Я заскрипела зубами на нелюбимое имя, но сдержалась:

– Пойду поспрашиваю работу. В кафе какие-нибудь. По набережной пройдусь.

Папа дал мне зонт, но его ветром вырывало из рук. Я зашла в одно кафе, посмотрела по сторонам. Все ведь очень просто – подходишь к официанту, спрашиваешь, он отправляет тебя поговорить с кем-то поглавнее… Но я не решалась. Вышла на улицу, раскрыла зонт – пусть его вырывает из рук, и просто пошла вперед. Впереди заметила парня с девушкой.

И, конечно, чтобы все стало совсем уж плохо, парень мне понравился. Мне, если кто-то начинает нравиться, то всегда вот так вот, сразу. Без предисловий. А когда начинает нравиться парень, у которого уже есть девушка, то ни к чему хорошему это не приведет. Я пошла следом за ними. И решила, что буду так и идти – сегодня, завтра, всю неделю, и пусть дует ветер, пусть пахнет копчеными водорослями, пусть все называют меня как хотят…

Я преследовала их и преследовала. Парень приобнимал девушку, защищая ее от ветра. Мне хотелось реветь. Хотелось домой в свою комнату. И чтобы никого вокруг.

В какой-то момент я не заметила, что они остановились, и попросту натолкнулась на них. Это было где-то на безлюдной тропинке – я и сама не заметила, как мы добрались сюда. Мне стало неловко, но я смотрела с вызовом. Парень взглянул на меня, затем на девушку и сказал ей:

– Домой дойдешь?

– Дойду, чего тут осталось, – спокойно ответила девушка.

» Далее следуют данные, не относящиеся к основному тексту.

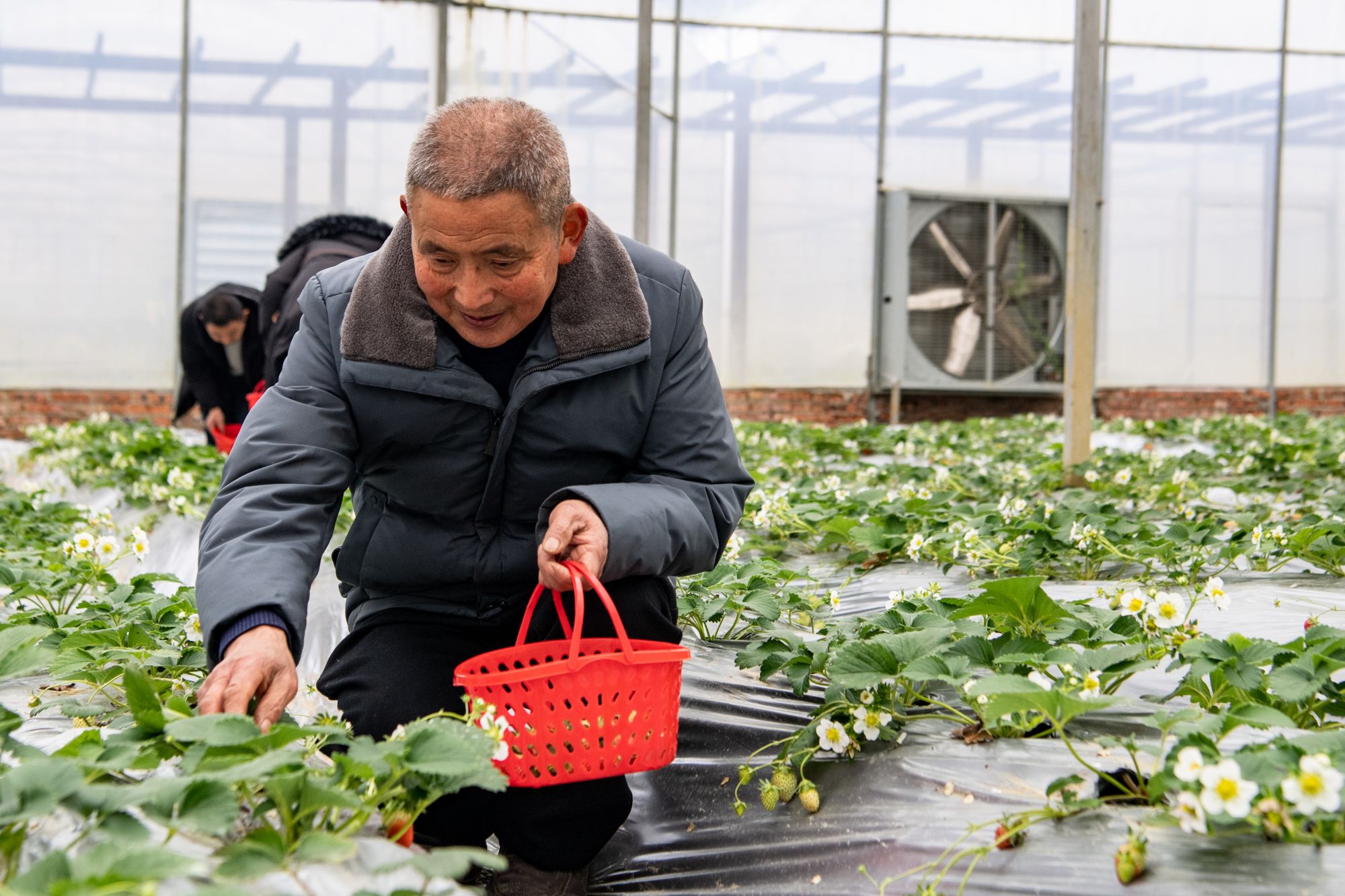 ↑杨建庆在大天池村的“桃韵天池”草莓基地种植大棚内采摘草莓(1月29日摄)。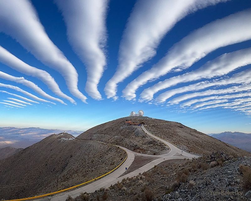 What's happening with these clouds? While it may seem that these long and thin clouds are pointing toward the top of a hill, and that maybe a world-famous observatory is located there, only part of that is true. In terms of clouds, the formation is a chance superposition of impressively periodic undulating air currents in Earth's lower atmosphere. Undulatus, a type of Asperitas cloud, form at the peaks where the air is cool enough to cause the condensation of opaque water droplets. The wide-angle nature of the panorama creates the illusion that the clouds converge over the hill. In terms of land, there really is a world-famous observatory at the top of that peak: the Carnegie Science's Las Campanas Observatory in the Atacama Desert of Chile. The two telescope domes visible are the 6.5-meter Magellan Telescopes. The featured coincidental vista was a surprise but was captured by the phone of a quick-thinking photographer in late September. Your Sky Surprise: What picture did APOD feature on your birthday? (post 1995)

– Родителям скажи, что я буду позже.

– Угу, – кивнула она.

– Моя сестра, – кивнул на нее парень.

– Ладно, – сказала та. – Развлекайтесь. Я побегу.

И он смотрел на меня, а я смотрела на него. Мы стояли близко-близко, и вдруг он взял меня за руку.

– Чего плачешь-то? – спросил он и смахнул с моей щеки слезу.

– Ты мне понравился, вот и плачу, – ответила я.

– А я видел тебя утром, – сказал он и обнял меня. – Ты объедала алычу, которая возле нашего дома растет.

– Прости… – всхлипнула я.

– Да это же здорово, – возразил он. – Я подумал тогда, какая девчонка замечательная. Вы быстро ушли, но мне казалось, что мы еще встретимся. И вот…

Я посмотрела на него и сказала:

– Но ведь все плохо…

– Что плохо? – не понял он.

– Меня зовут Евдокией. Это ужасно.

– Странно, – пробормотал он. – Мне всегда нравилось это имя, а ты говоришь, что оно плохое. Почему?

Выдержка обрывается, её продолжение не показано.